**TASK DIRECTIONS:** After locating the line with "A connected compact" in the entries below, output it and each following line up to and including the line with "ペンダントは夫の祖母が使って", exactly and without pictures.
[[ DATA FOR REVIEW, beginning ]]
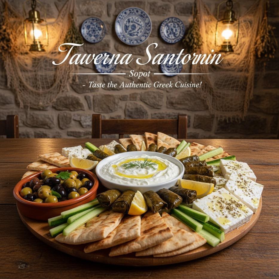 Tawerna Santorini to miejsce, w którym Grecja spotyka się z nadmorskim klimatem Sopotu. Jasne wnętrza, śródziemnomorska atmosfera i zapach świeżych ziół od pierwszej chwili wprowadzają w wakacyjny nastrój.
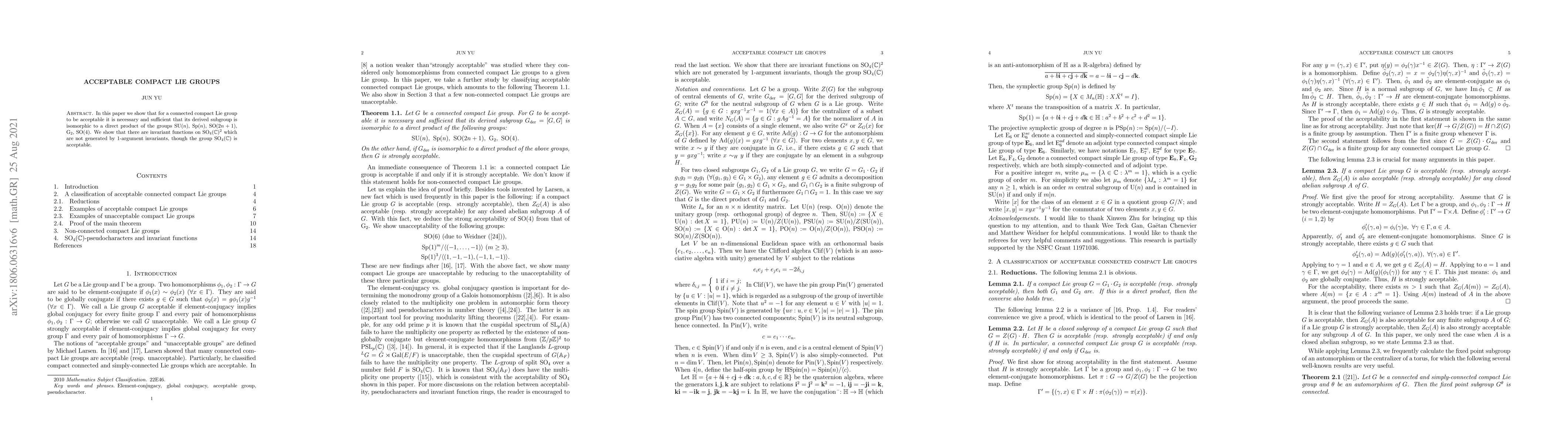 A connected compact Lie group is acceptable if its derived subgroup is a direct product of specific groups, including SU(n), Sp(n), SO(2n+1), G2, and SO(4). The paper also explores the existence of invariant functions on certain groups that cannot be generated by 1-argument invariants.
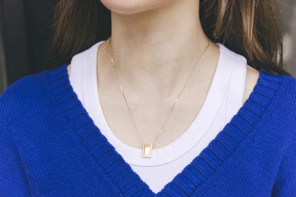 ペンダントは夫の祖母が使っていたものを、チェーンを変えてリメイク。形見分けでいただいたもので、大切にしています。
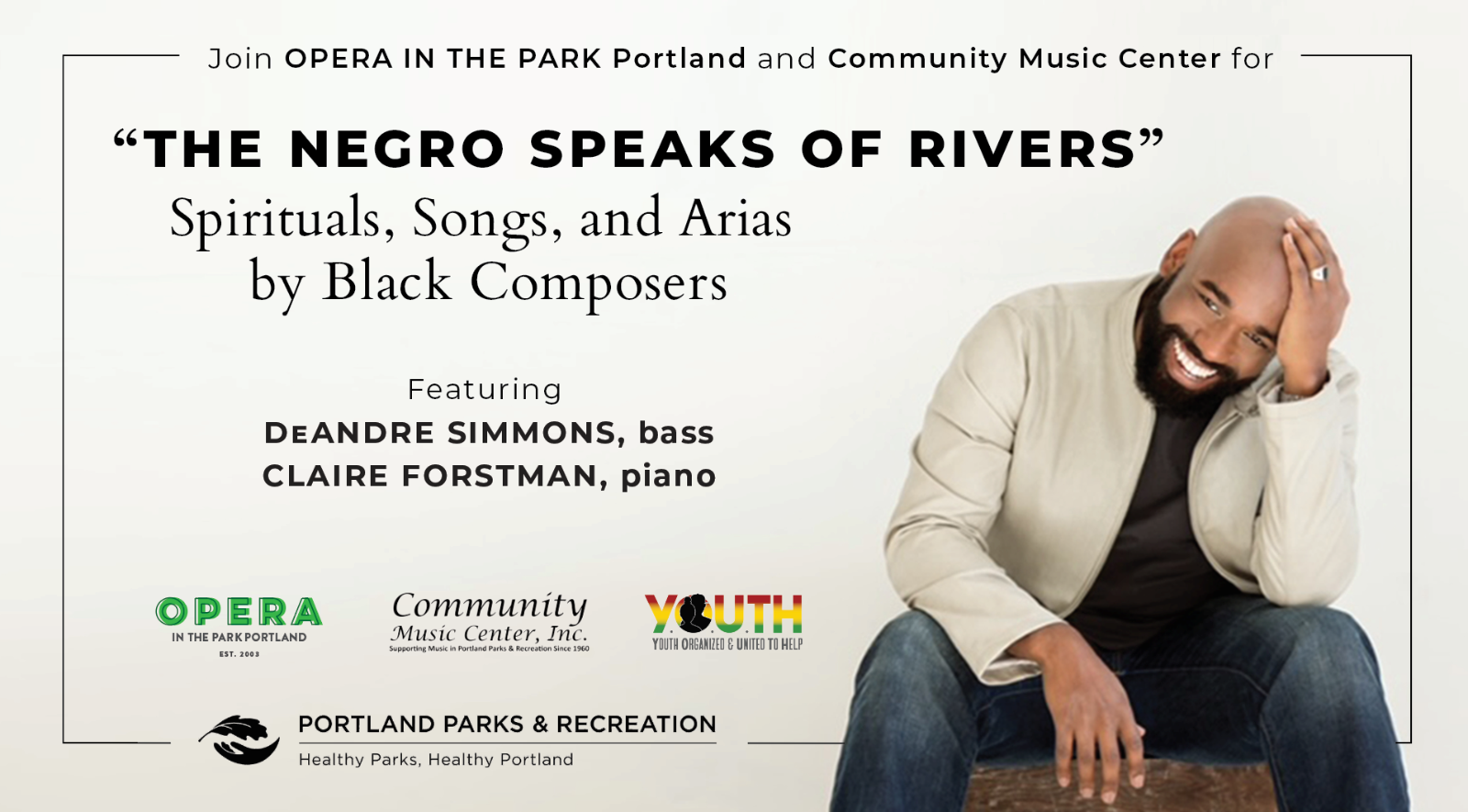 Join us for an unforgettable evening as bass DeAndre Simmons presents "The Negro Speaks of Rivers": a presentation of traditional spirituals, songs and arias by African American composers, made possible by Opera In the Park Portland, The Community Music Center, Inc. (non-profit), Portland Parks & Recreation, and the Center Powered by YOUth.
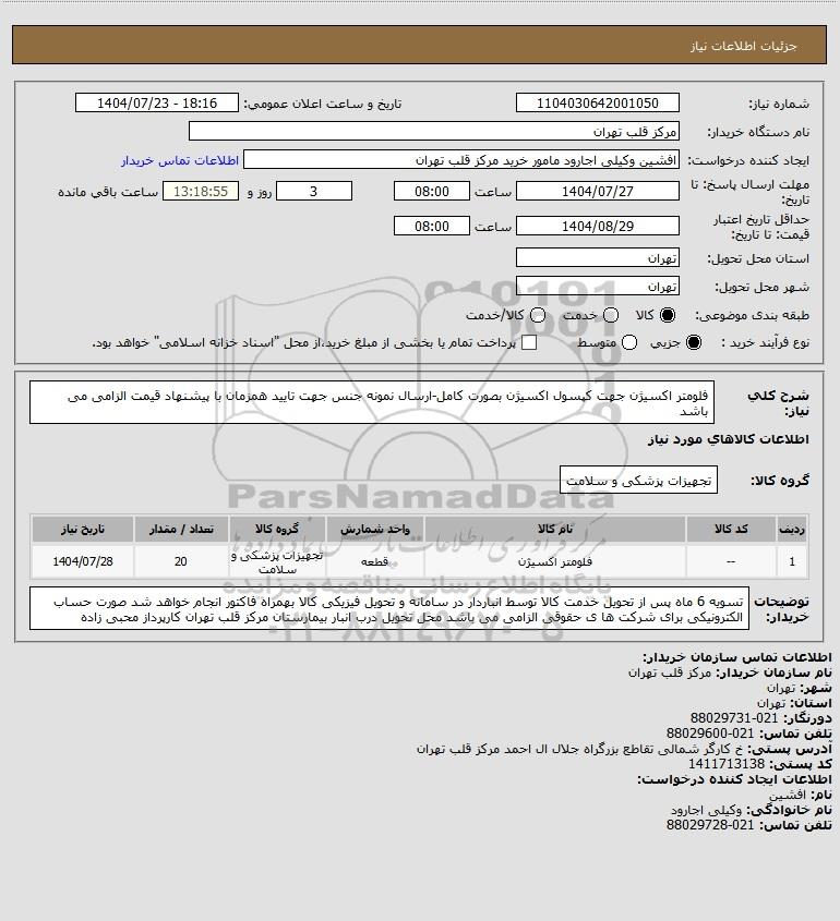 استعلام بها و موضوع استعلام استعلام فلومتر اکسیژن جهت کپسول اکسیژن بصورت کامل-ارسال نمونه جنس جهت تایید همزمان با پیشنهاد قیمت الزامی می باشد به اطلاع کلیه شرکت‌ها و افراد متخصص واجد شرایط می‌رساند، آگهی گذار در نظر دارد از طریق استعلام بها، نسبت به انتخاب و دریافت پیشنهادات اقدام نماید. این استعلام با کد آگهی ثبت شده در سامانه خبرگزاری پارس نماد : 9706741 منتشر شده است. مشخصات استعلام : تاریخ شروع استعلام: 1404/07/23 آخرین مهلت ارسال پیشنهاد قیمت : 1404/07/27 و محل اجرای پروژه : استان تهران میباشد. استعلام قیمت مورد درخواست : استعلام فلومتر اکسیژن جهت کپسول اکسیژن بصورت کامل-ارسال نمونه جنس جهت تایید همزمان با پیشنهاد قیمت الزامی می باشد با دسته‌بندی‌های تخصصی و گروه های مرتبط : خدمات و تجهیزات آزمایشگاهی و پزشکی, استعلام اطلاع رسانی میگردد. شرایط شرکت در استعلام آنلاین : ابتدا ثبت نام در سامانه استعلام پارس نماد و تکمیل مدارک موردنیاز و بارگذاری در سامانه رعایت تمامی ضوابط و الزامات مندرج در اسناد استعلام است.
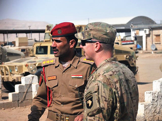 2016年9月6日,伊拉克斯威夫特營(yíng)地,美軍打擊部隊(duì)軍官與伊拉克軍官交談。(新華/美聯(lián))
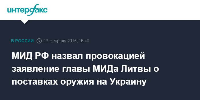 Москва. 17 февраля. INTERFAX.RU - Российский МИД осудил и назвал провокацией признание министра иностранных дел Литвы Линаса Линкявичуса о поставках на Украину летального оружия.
[[ DATA FOR REVIEW, end ]]
**EXERCISE ANSWER:**
 A connected compact Lie group is acceptable if its derived subgroup is a direct product of specific groups, including SU(n), Sp(n), SO(2n+1), G2, and SO(4). The paper also explores the existence of invariant functions on certain groups that cannot be generated by 1-argument invariants.
 ペンダントは夫の祖母が使っていたものを、チェーンを変えてリメイク。形見分けでいただいたもので、大切にしています。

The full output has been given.